SGT for mixtures and \(\beta_{ij} \neq 0\)

When working with mixtures and at least one \(\beta_{ij} \neq 0\), SGT has to be solved as a boundary value problem (BVP)with a finite interfacial lenght.

\[\sum_j c_{ij} \frac{d^2 \rho_j}{dz^2} = \mu_i - \mu_i^0 \qquad i = 1,...,c\]
\[\rho(z \rightarrow 0) = \rho^\alpha \qquad \rho(z \rightarrow L) = \rho^\beta\]
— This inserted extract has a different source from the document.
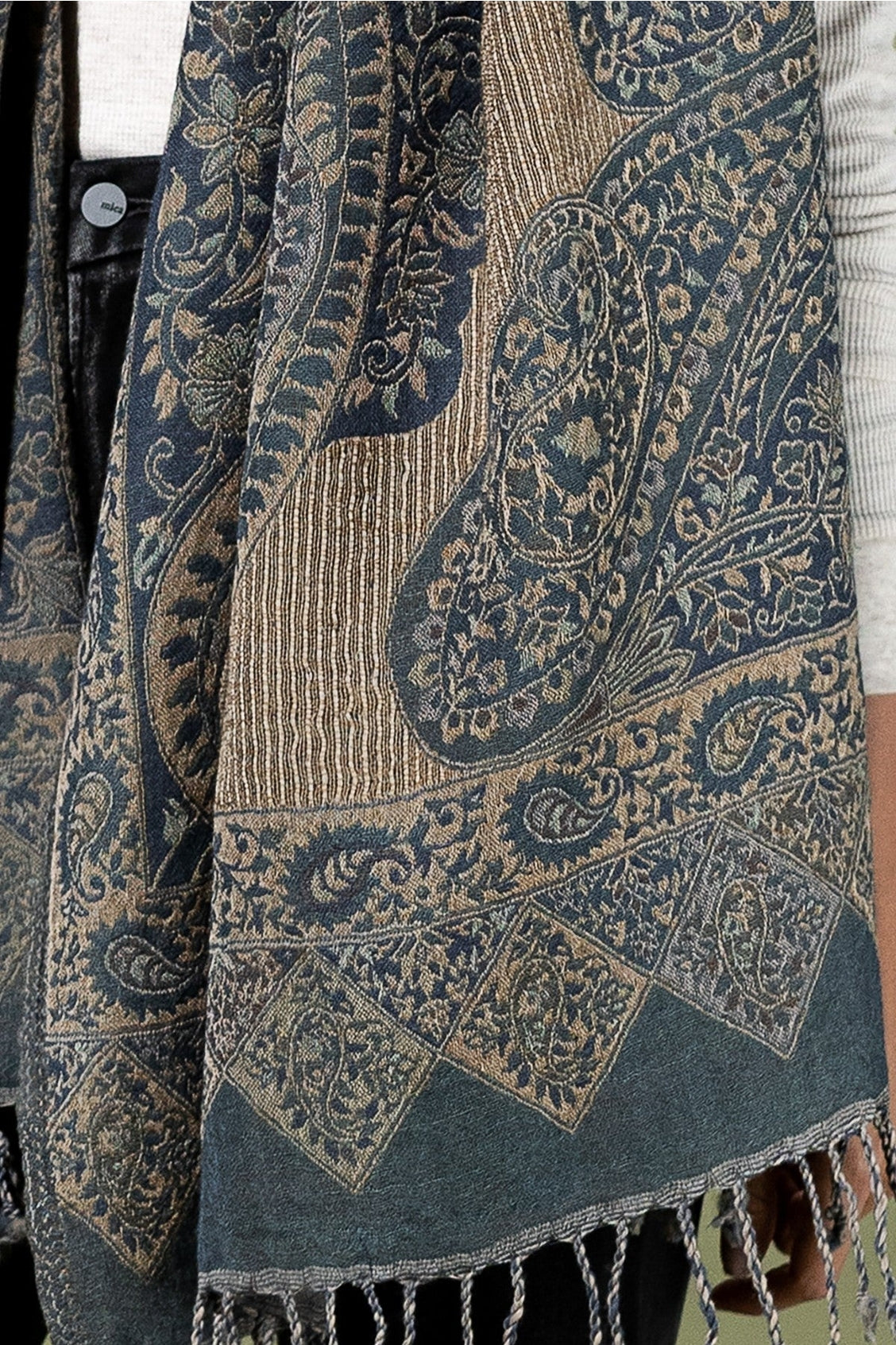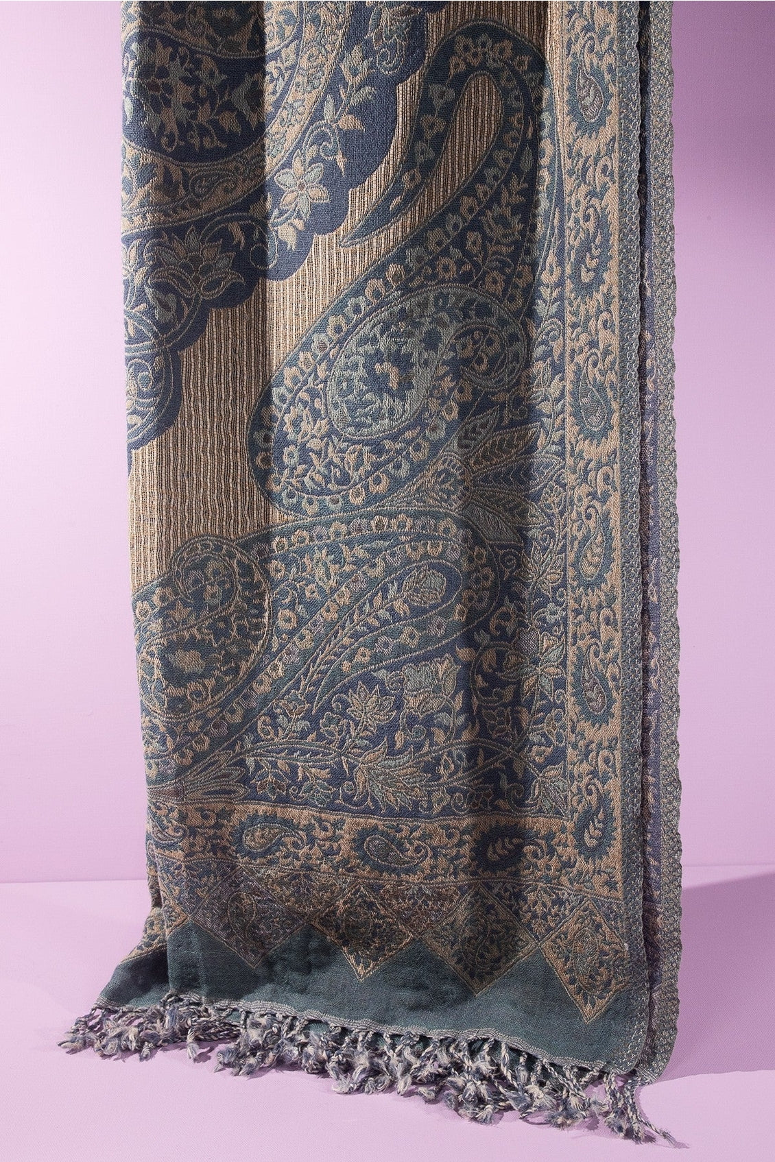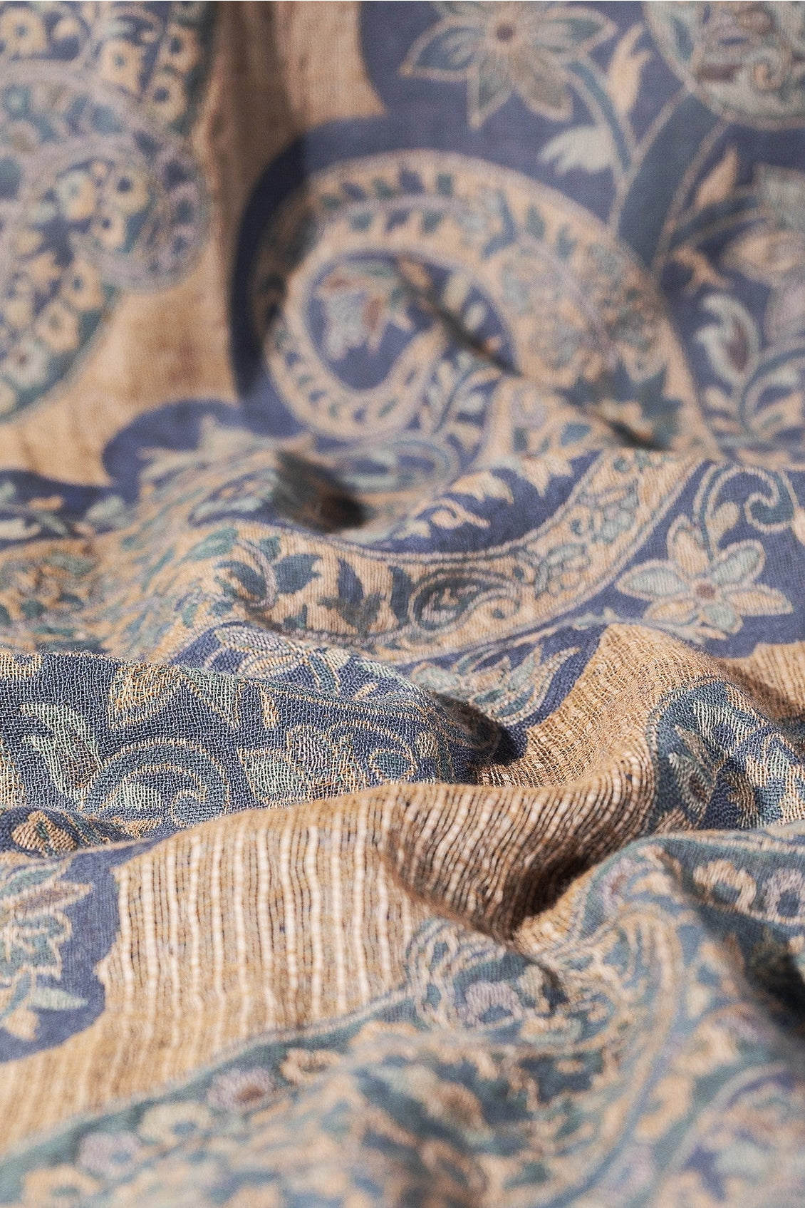 This handcrafted 100% wool scarf is an artisan creation that blends timeless design with modern versatility. Woven in a rich jacquard style, it features flowing paisley and floral motifs in deep midnight blue and warm bronze tones. The intricate patterns are framed by a decorative border, while the hand-finished fringe adds character and authenticity. Both warm and lightweight, this artisan piece offers a refined balance of tradition and sophistication-ideal for elevating everyday wear or complementing special occasion looks.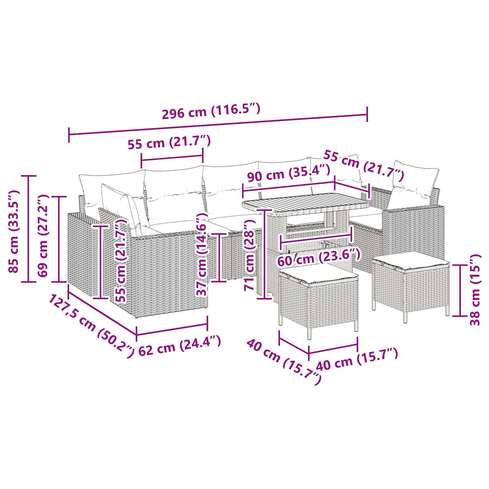 Set canapea grădină cu 10 piese și perne în poliratan gri și acacia, Set de dining grădină cu 3 piese și perne în poliratan gri și acacia GartenMobel Dekor

In phasepy two solution procedure are available for this purpose, both on them relies on orthogonal collocation. The first one, solve the BVP at a given interfacial lenght, then it computes the interfacial tension. After this first iteration the interfacial lenght is increased and the density profiles are solved again using the obtained solution as an initial guess, then the interfacial tension is computed again. This iterative procedure is repeated until the interfacial tension stops decreasing whithin a given tolerance (default value 0.01 mN/m). This procedure is inspired in the work of Liang and Michelsen.

First, as for any SGT computation, equilibria has to be computed.

>>> hexane = component(name = 'n-Hexane', Tc = 507.6, Pc = 30.25, Zc = 0.266, Vc = 371.0, w = 0.301261,
                ksv = [ 0.81185833, -0.08790848],
                cii = [ 5.03377433e-24, -3.41297789e-21,  9.97008208e-19],
                GC = {'CH3':2, 'CH2':4})
>>> ethanol = component(name = 'Ethanol', Tc = 514.0, Pc = 61.37, Zc = 0.241, Vc = 168.0, w = 0.643558,
                ksv = [1.27092923, 0.0440421 ],
                cii = [ 2.35206942e-24, -1.32498074e-21,  2.31193555e-19],
                GC = {'CH3':1, 'CH2':1, 'OH(P)':1})
>>> mix = mixture(ethanol, hexane)
>>> a12, a21 = np.array([1141.56994427,  125.25729314])
>>> A = np.array([[0, a12], [a21, 0]])
>>> mix.wilson(A)
>>> eos = prsveos(mix, 'mhv_wilson')
>>> T = 320 #K
>>> X = np.array([0.3, 0.7])
>>> P0 = 0.3 #bar
>>> Y0 = np.array([0.7, 0.3])
>>> sol = bubblePy(Y0, P0, X, T, eos, full_output = True)
>>> Y = sol.Y
>>> P = sol.P
>>> vl = sol.v1
>>> vv = sol.v2
>>> #computing the density vector
>>> rhol = X / vl
>>> rhov = Y / vv

The correction \(\beta_{ij}\) has to be supplied to the eos with eos.beta_sgt method. Otherwise the influence parameter matrix will be singular and a error will be raised.

>>> bij = 0.1
>>> beta = np.array([[0, bij], [bij, 0]])
>>> eos.beta_sgt(beta)

Then the interfacial tension can be computed as follows:

>>> sgt_mix(rhol, rhov, T, P, eos, z0 = 10.,  rho0 = 'hyperbolic', full_output = False)
>>> #interfacial tension in mN/m
>>> 14.367813285945807

In the example z0 refers to the initial interfacial langht, rho0 refers to the initial guess to solve the BVP. Available options are 'linear' for linear density profiles, hyperbolic for density profiles obtained from hyperbolic tangent. Other option is to provide an array with the initial guess, the shape of this array has to be nc x n, where n is the number of collocation points. Finally, a TensionResult can be passed to rho0, this object is usually obtained from another SGT computation, as for example from a calculation with \(\beta_{ij} = 0\).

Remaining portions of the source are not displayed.